Concrete tool for assembling agents into a dynamic LLM-routed team where a model selects the next speaker based on conversation context, provided by Microsoft AutoGen.

Description

SelectorGroupChat is an orchestration class that uses an LLM to decide which agent speaks next at each turn. It requires at least two participants and a model client dedicated to the selection task (which can be the same or different from the agents' model clients).

During each turn, the selector manager:

  1. Optionally narrows the candidate list using candidate_func.
  2. Optionally delegates entirely to selector_func for programmatic selection.
  3. Otherwise, formats the selector_prompt with participant role descriptions and conversation history, sends it to the selector model_client, and parses the response to identify the next speaker.
  4. If the LLM returns an invalid name, retries up to max_selector_attempts times.
  5. If allow_repeated_speaker is False, removes the last speaker from the candidate list before selection.

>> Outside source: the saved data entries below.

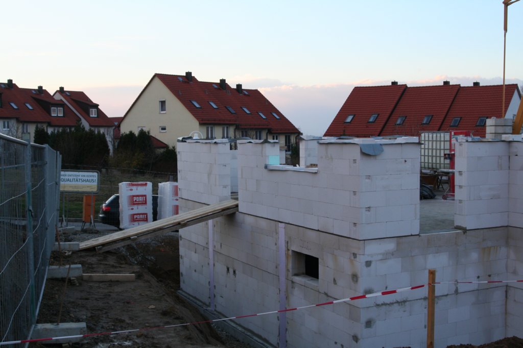 Blick von Nordwesten auf das Garagentor. Darüber erkennt man schon die beiden Fenster der Küche.
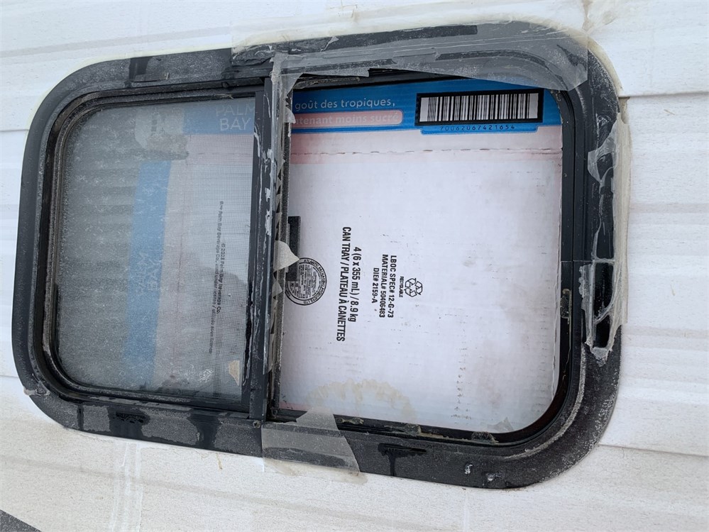 The window to the kitchen by the door is gone and needs to be replaced
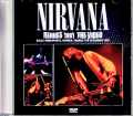 本作に記録されているのはCDと同じ「1991年12月7日レンヌ公演」。そのプロショット映像/サウンドボード録音/オーディエンス録音を活用し、海外マニアがフルショウを再現させた編集作品です。言葉にすると何やら複雑そうですが、実はシンプル。各素材の特徴が分かれば、自然と本作の内容もイメージできますので、それぞれご紹介していきましょう。ワンカメ・プロショット(2曲分)・Jesus Wants Me For A Sunbeam/Smells Like Teen Spirit 本作で最重要とされている映像ソース。たった2曲で会場後方からのワンカメ撮影なのですが、現地の放送局“フランス3”で放送されたTVプロショットです。もちろん、極序言うクオリティのベスト・ソースが使用されており、ノイズレスの映像美で革命真っ最中の歴史的なNIRVANAの姿が目撃できます。FM放送サウンドボード(9曲分)・Baba O'Riley/Drain You/School/Smells Like Teen Spirit/About A Girl/Polly/Breed/On A Plain/Blew プロショット映像に次いで重視されているのが大定番のFM放送サウンドボード。従来通りの放送マスターなので9曲分ですが、クオリティはCDにも負けない極上クオリティです。上記のプロショット2曲はTV放送の音声はチリチリとノイズ入りでしたので、FM放送版に差し替えられています。映像のない7曲分に関してはカート・コバーンの静止画に音声が被せられています。極上オーディエンス録音(5曲+補完用)・Jesus Wants Me For A Sunbeam/Aneurysm/Sliver/Been A Son/Negative Creep 最後のソースは極上級のオーディエンス録音。元ソースはフル録音であり、本作ではFM放送されなかった5曲や曲間パートなどを補完するのに採用されています。驚きなのは、そのクオリティ。このショウは5種類の客録が知られていますが、本作はベスト録音が採用されており、極太なFM放送サウンドボードと接続されていてもまったく聴き劣りしない。本来であれば、CDのフル・サウンドボードと差し替えるのが筋なのですが、あまりにも素晴らしいサウンドなので海外マニアが製作したままでDVD化致しました。2曲・約8分ながら貴重なプロショットを軸としつつ、海外マニアがフルショウ・サイズに拡張させた映像作品です。ひとつの音楽作品としても素晴らしく、良いとこ取りで組み上げた従来マスターのサンプル盤としても面白い1枚。Salle Omnisports, Rennes, France 7th December 1991 PRO-SHOT/AUD 1. Intro 2. Baba O'Riley 3. Jesus Wants Me For A Sunbeam 4. Drain You 5. Aneurysm 6. School 7. Smells Like Teen Spirit 8. About A Girl 9. Polly 10. Sliver 11. Breed 12. Been A Son 13. Negative Creep14. On A Plain 15. Blew COLOUR NTSC Approx.48min
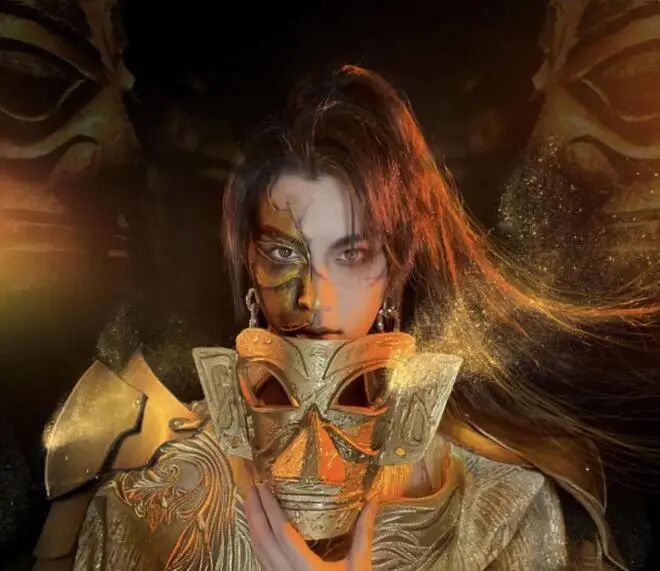2021年,小梦34岁,他以“面具成精”为主题推出三星堆文物,黄金面具仿妆。
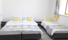 Две спальни по 17м2. В каждой по три кровати (двуспальная или три односпальных-по договоренности). В каждом спальне большой телевизор SMART (с выходом в интернет), шкафы, тумбочки.
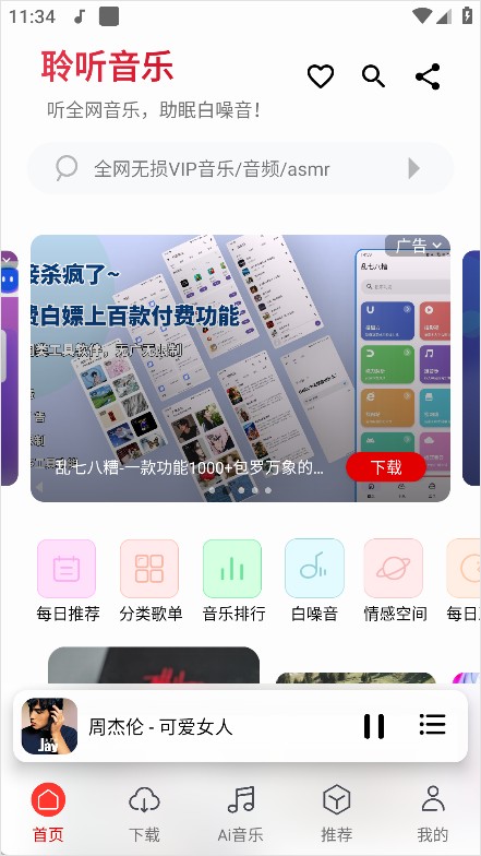 2. 在线听音乐,你可以在上网的同时听任何类型的音乐。
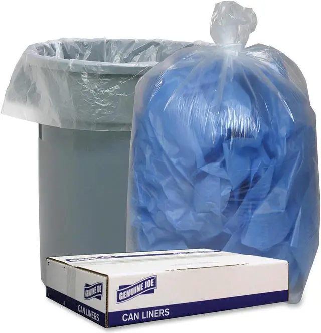 Genuine Joe Clear Low Density 1.4 mil Liners, 33" x 39", 100 Liners
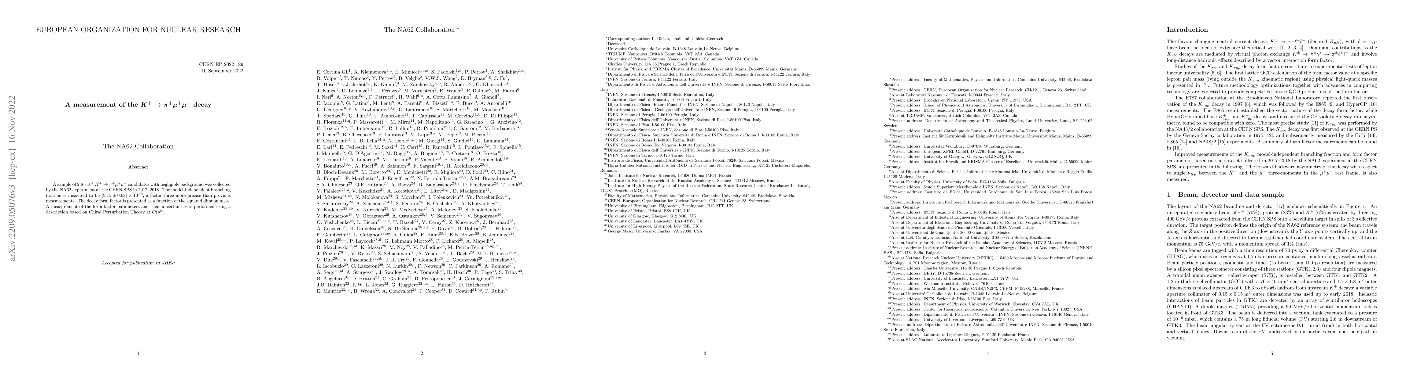 The NA62 experiment at CERN SPS measured the branching fraction of the $K^{+} \to \pi^{+} \mu^{+} \mu^{-}$ decay with high precision as $(9.15 \pm 0.08)\times 10^{-8}$, significantly improving previous results. The study also presents the decay form factor and its parameters using Chiral Perturbation Theory.
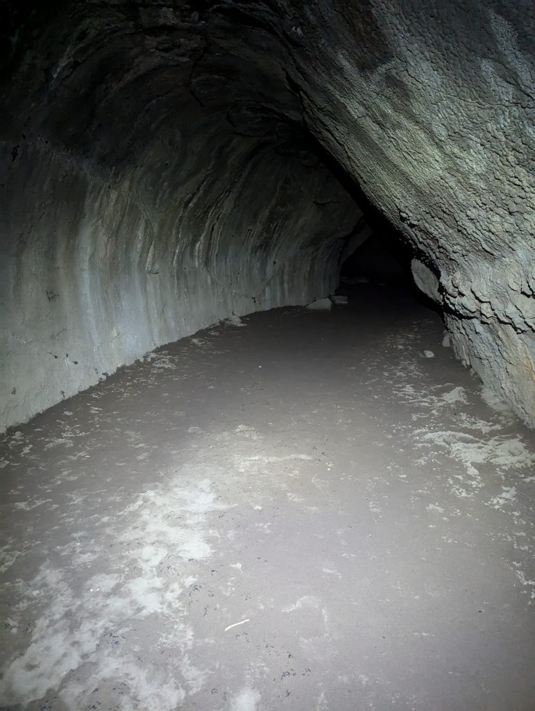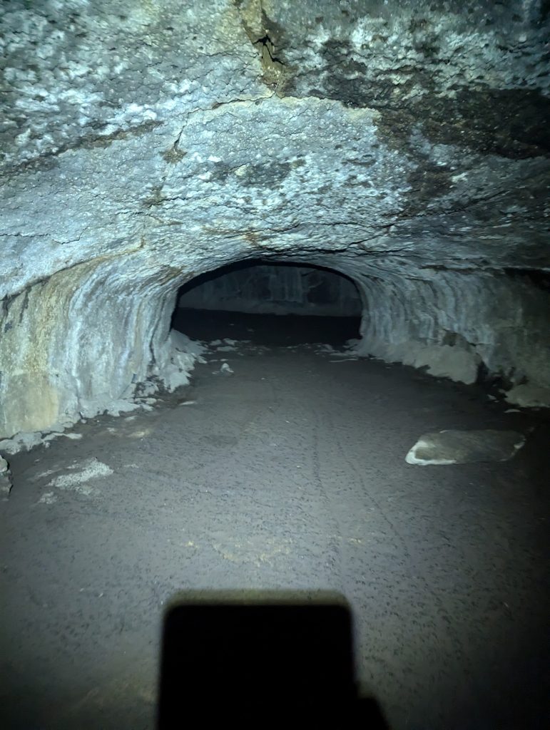 Ich laufe weiter zu einer Lavahöhle, welche ich mir dann von innen anschaue. Der ehemalige Lavastrom hat hier eine tolle Höhle geformt, in der es angenehm kühl ist. Mit Stirnlampe laufe ich durch den langen Tunnel und betrachte mir alles. Als ich damit fertig bin, fülle ich an einem Brunnen mein Wasser auf und mache mich wieder auf den Weg.
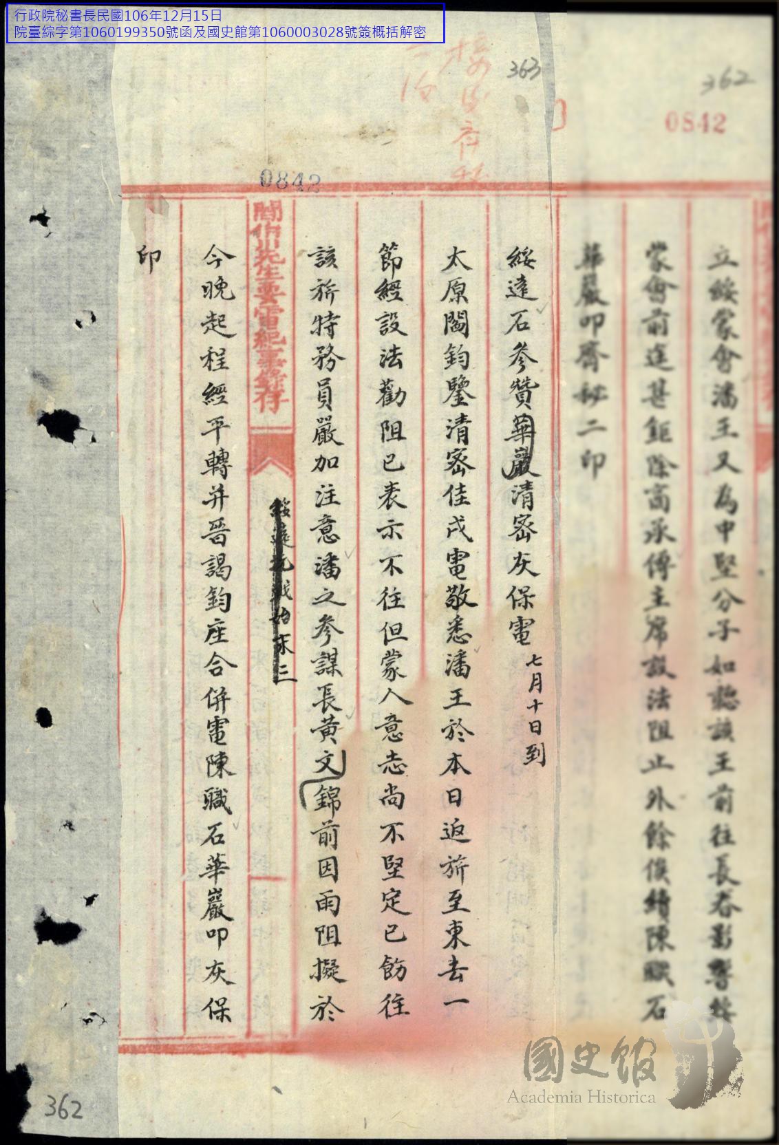 內蒙自治案【原卷名:閻伯川先生要電錄存內蒙自治案】

The class validates at initialization that at least two participants are provided. The selector prompt uses three template variables: {roles} (formatted name-description pairs), {participants} (list of names), and {history} (conversation transcript).

Usage

Import SelectorGroupChat from autogen_agentchat.teams. Instantiate with a list of agent participants, a model client for selection, and optionally customize the selector prompt, allow/disallow repeated speakers, or provide custom selector/candidate functions. Then call run() or run_stream().

Code Reference

Source Location

  • Repository: Microsoft AutoGen
  • File: python/packages/autogen-agentchat/src/autogen_agentchat/teams/_group_chat/_selector_group_chat.py (lines 597-646)

Signature

class SelectorGroupChat:
    def __init__(
        self,
        participants: List[ChatAgent | Team],
        model_client: ChatCompletionClient,
        *,
        name: str | None = None,
        description: str | None = None,
        termination_condition: TerminationCondition | None = None,
        max_turns: int | None = None,
        runtime: AgentRuntime | None = None,
        selector_prompt: str = """You are in a role play game. The following roles are available:
{roles}.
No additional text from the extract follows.